BEGIN

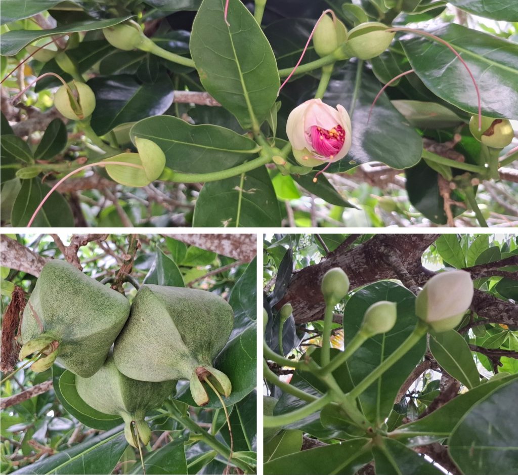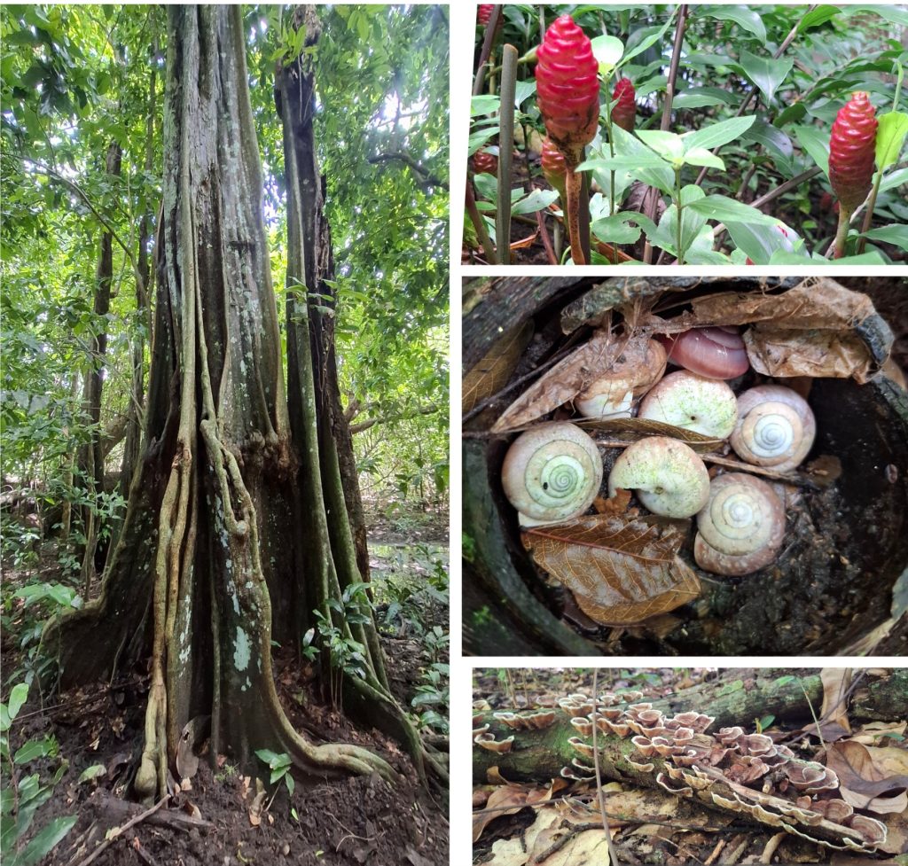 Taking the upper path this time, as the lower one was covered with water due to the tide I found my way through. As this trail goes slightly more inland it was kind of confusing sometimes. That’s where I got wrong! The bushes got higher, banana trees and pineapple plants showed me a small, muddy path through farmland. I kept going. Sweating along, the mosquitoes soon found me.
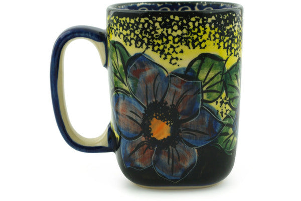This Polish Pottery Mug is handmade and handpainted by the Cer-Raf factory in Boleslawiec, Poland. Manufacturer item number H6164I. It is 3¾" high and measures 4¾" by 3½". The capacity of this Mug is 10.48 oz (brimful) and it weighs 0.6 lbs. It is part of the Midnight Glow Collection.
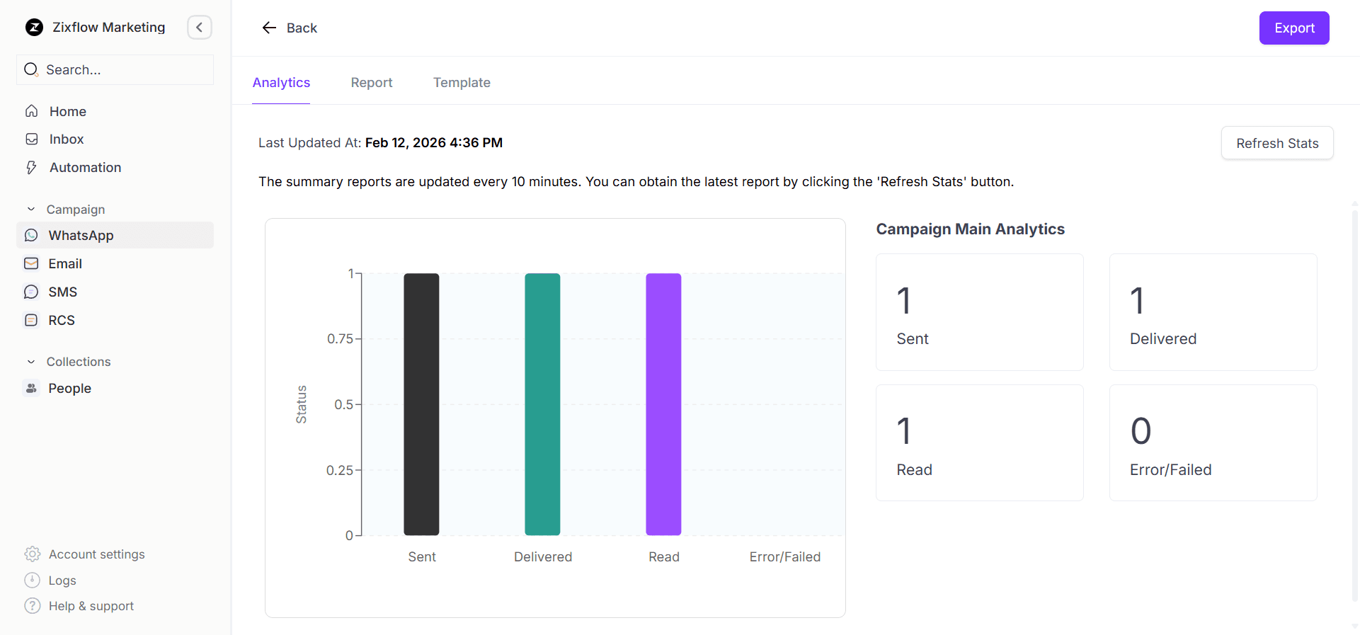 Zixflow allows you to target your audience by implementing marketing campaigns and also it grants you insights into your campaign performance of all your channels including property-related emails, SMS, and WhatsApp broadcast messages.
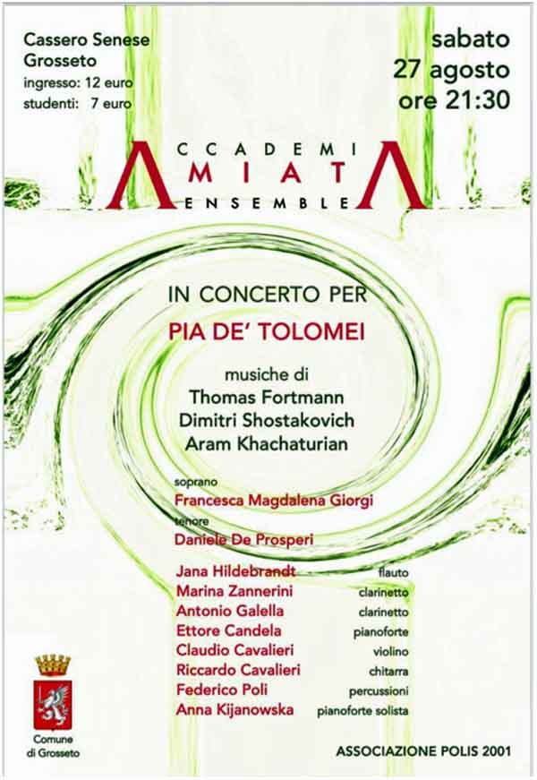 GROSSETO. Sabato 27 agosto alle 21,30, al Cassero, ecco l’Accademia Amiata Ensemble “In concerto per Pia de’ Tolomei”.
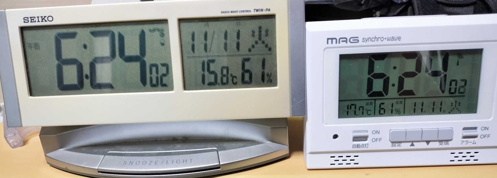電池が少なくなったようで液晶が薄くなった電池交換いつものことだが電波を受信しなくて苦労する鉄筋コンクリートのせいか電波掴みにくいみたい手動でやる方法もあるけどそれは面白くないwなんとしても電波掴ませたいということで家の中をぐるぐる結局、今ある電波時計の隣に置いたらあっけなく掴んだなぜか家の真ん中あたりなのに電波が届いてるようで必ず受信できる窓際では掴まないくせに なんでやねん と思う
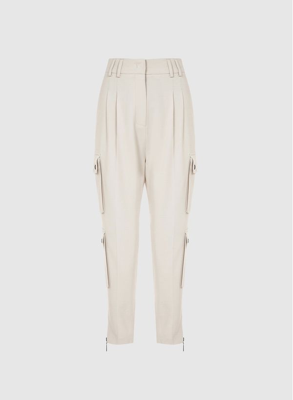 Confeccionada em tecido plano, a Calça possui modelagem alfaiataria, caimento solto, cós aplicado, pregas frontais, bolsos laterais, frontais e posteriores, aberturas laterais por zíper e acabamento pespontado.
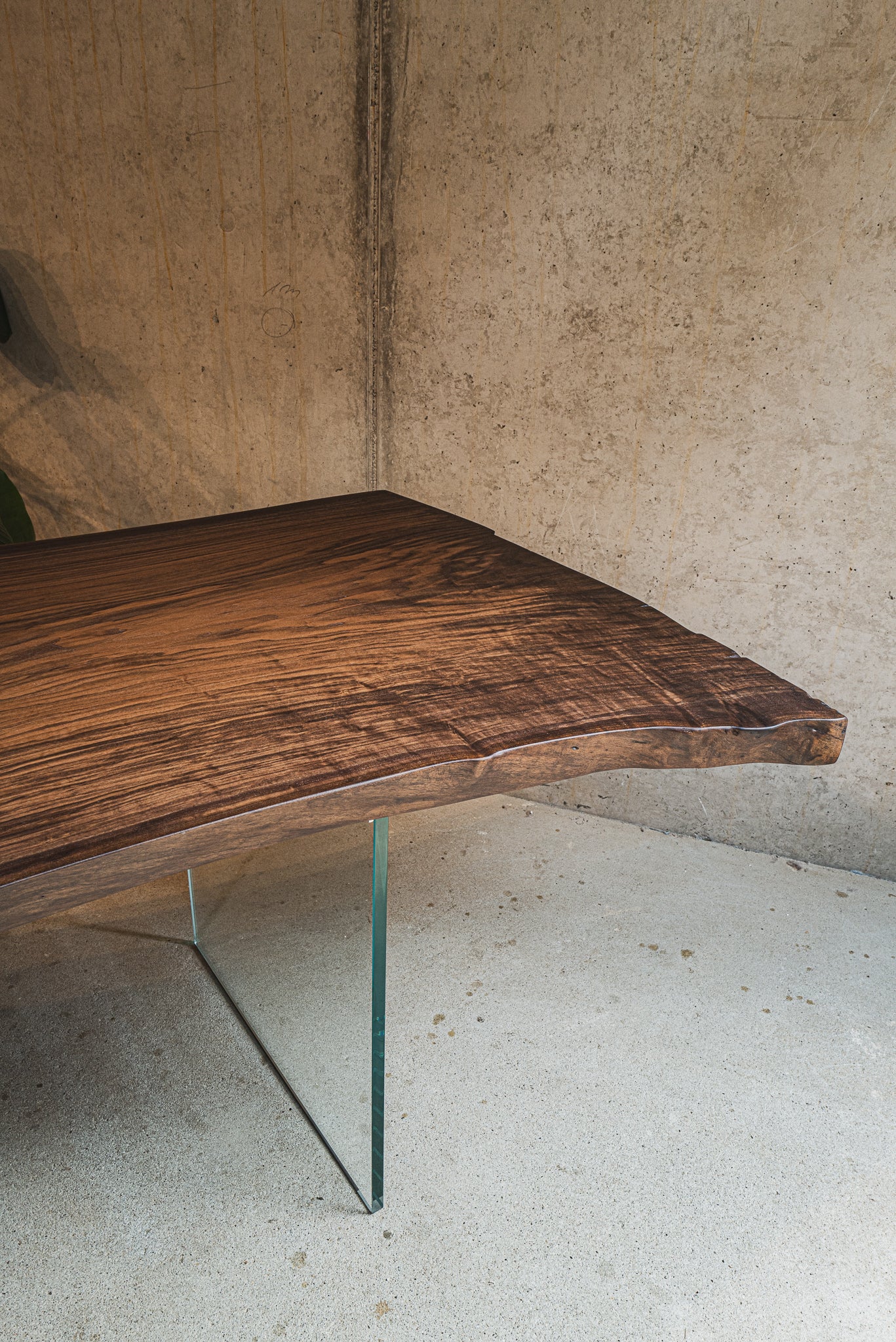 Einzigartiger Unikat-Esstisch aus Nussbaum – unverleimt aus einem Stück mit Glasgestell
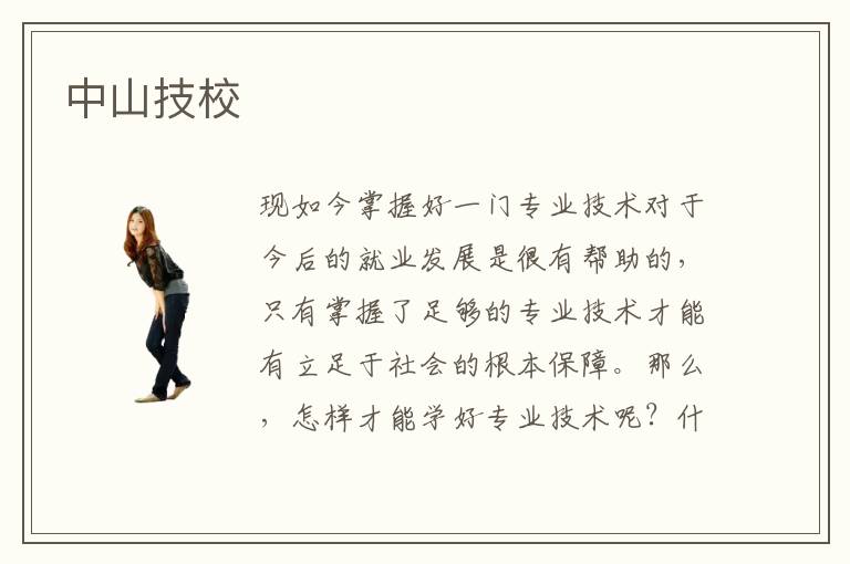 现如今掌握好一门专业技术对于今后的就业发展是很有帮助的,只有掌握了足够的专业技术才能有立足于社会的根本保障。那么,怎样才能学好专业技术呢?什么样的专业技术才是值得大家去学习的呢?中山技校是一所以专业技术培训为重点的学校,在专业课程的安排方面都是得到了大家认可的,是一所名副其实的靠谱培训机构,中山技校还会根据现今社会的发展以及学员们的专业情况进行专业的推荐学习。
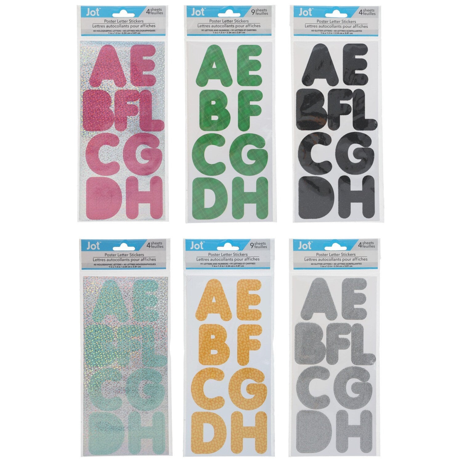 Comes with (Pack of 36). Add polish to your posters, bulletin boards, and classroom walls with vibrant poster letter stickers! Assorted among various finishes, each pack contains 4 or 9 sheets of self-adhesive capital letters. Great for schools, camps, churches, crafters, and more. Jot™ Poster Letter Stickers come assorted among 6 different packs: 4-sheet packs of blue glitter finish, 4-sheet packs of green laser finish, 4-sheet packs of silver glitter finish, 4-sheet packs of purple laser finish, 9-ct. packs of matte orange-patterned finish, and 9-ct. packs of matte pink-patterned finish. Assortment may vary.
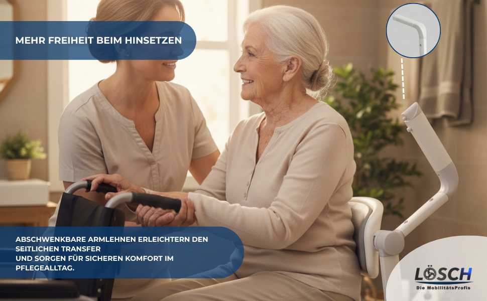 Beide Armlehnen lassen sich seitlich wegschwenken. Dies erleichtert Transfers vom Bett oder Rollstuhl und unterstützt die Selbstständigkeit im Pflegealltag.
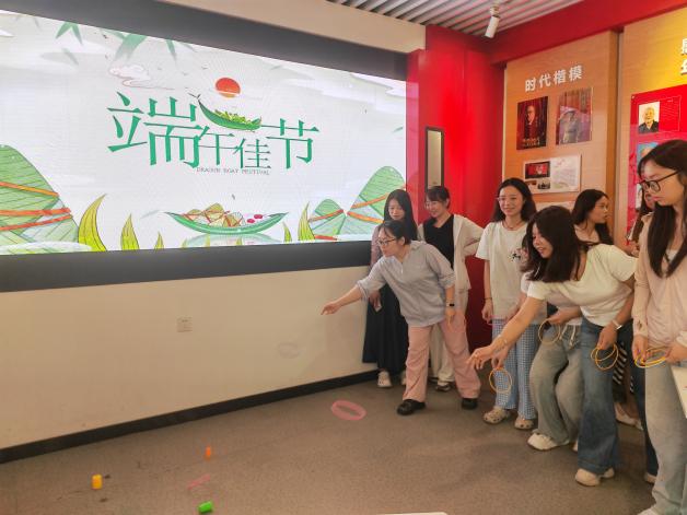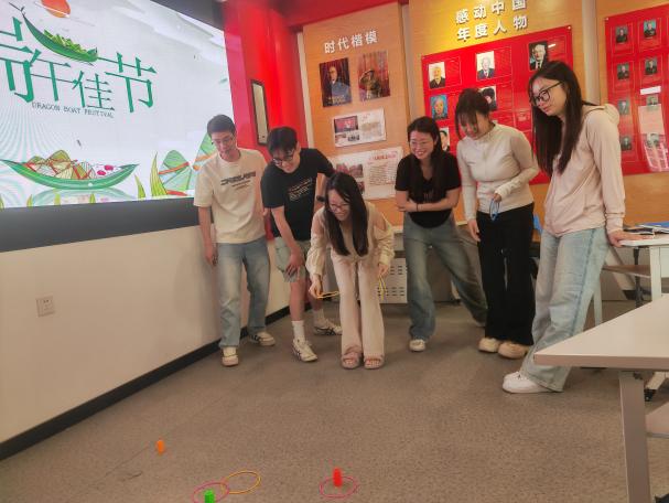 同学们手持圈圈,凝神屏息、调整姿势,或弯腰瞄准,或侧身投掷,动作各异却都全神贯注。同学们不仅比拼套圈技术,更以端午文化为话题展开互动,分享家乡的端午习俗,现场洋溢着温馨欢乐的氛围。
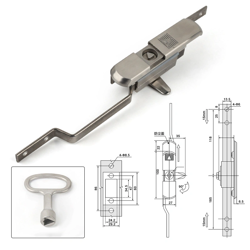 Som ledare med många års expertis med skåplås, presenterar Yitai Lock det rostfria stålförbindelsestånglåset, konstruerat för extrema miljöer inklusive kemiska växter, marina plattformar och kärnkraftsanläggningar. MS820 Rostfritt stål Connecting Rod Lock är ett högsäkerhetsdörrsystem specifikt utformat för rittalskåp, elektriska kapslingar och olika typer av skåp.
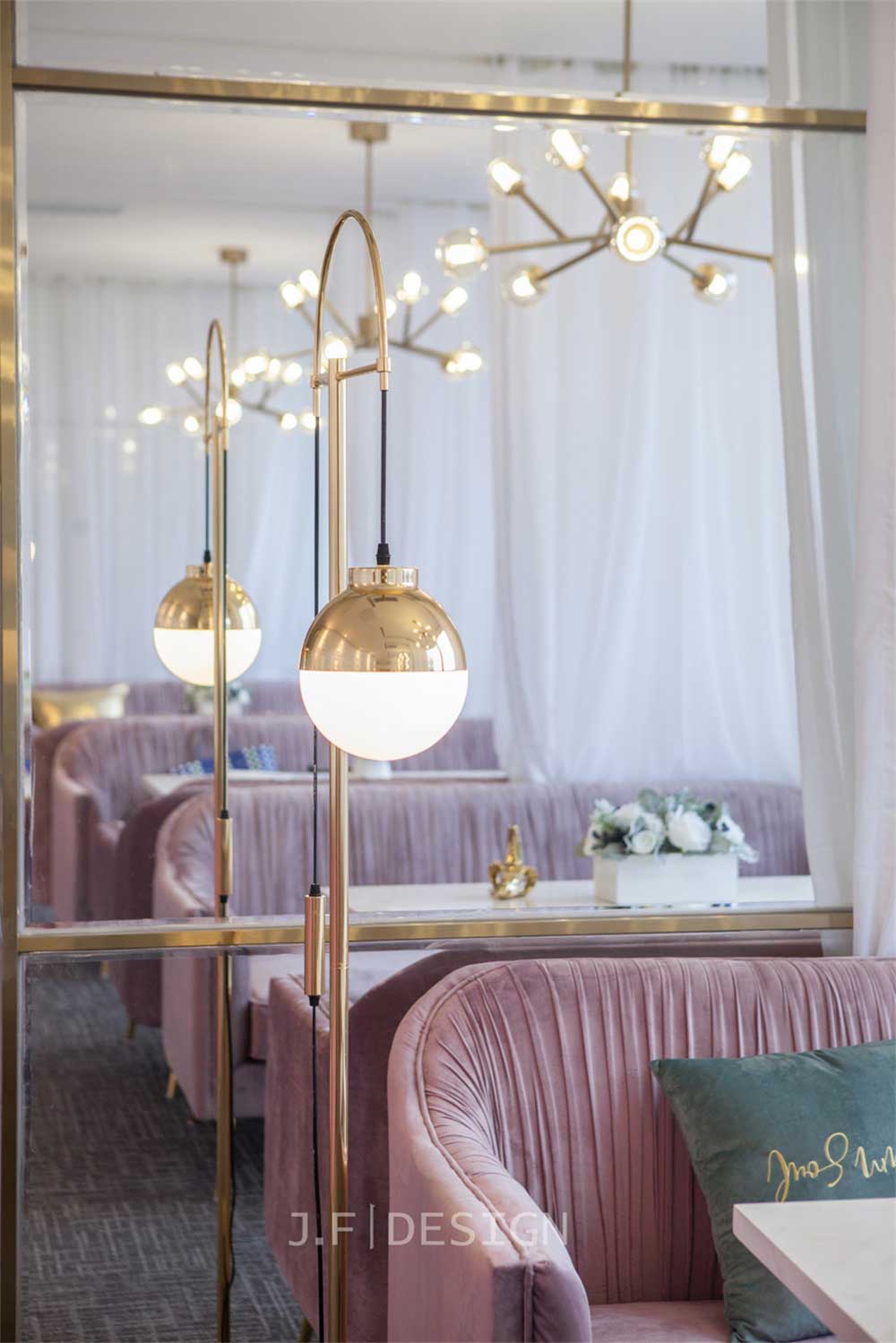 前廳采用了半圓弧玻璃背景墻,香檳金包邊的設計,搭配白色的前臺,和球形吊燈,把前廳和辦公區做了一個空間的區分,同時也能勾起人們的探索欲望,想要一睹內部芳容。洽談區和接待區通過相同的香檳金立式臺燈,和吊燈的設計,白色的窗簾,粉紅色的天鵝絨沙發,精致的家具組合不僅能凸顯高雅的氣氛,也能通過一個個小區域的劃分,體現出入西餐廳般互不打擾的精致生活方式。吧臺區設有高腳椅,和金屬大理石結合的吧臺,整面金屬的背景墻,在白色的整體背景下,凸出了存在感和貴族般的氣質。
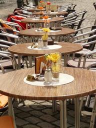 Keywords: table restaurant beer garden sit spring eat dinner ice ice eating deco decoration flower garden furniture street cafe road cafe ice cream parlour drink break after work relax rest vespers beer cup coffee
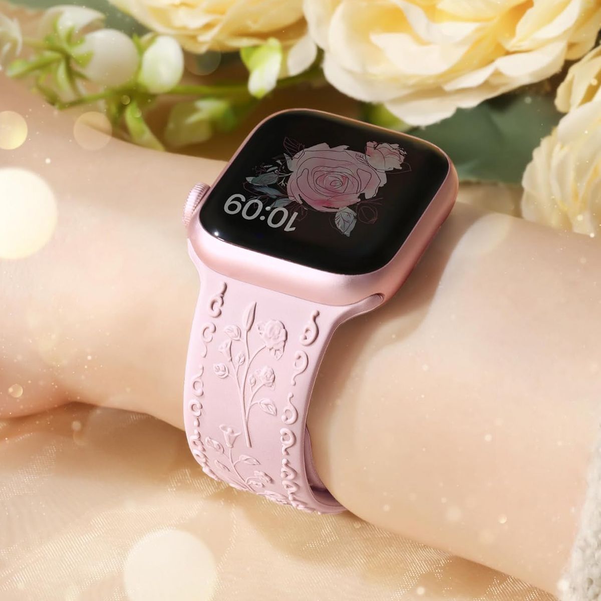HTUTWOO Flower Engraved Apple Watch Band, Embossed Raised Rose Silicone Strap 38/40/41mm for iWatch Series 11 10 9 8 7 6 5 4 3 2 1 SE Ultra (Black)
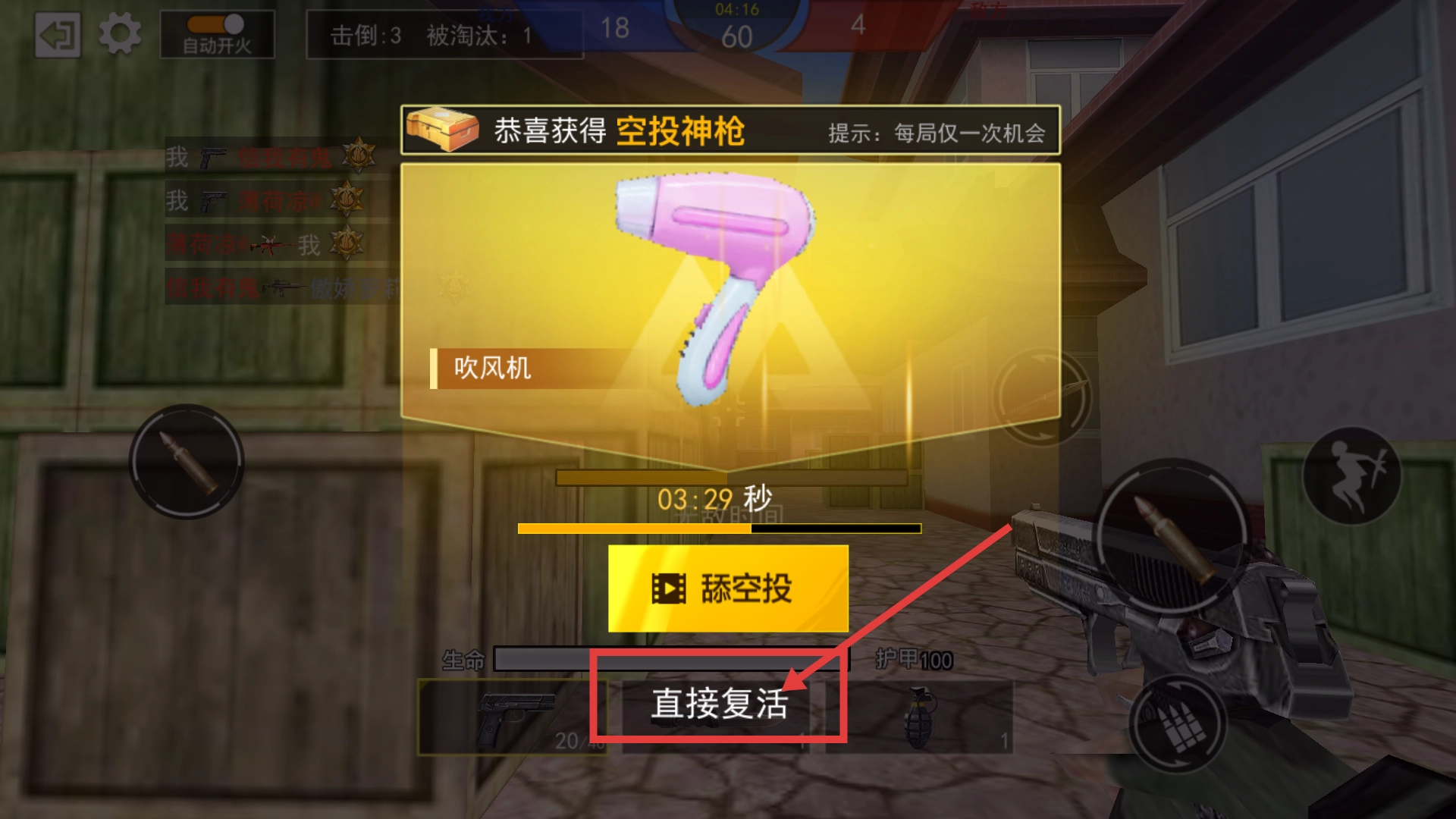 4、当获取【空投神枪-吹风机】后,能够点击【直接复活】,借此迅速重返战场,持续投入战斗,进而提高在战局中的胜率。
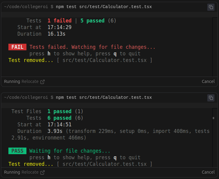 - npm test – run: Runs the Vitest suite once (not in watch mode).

END

# EXERCISE DETAILS
Each line from the one containing "HTUTWOO Flower Engraved" through the end of the listing is to be set down exactly, with all pictures left out.

# OUTPUT BELOW
HTUTWOO Flower Engraved Apple Watch Band, Embossed Raised Rose Silicone Strap 38/40/41mm for iWatch Series 11 10 9 8 7 6 5 4 3 2 1 SE Ultra (Black)
 4、当获取【空投神枪-吹风机】后,能够点击【直接复活】,借此迅速重返战场,持续投入战斗,进而提高在战局中的胜率。
 - npm test – run: Runs the Vitest suite once (not in watch mode).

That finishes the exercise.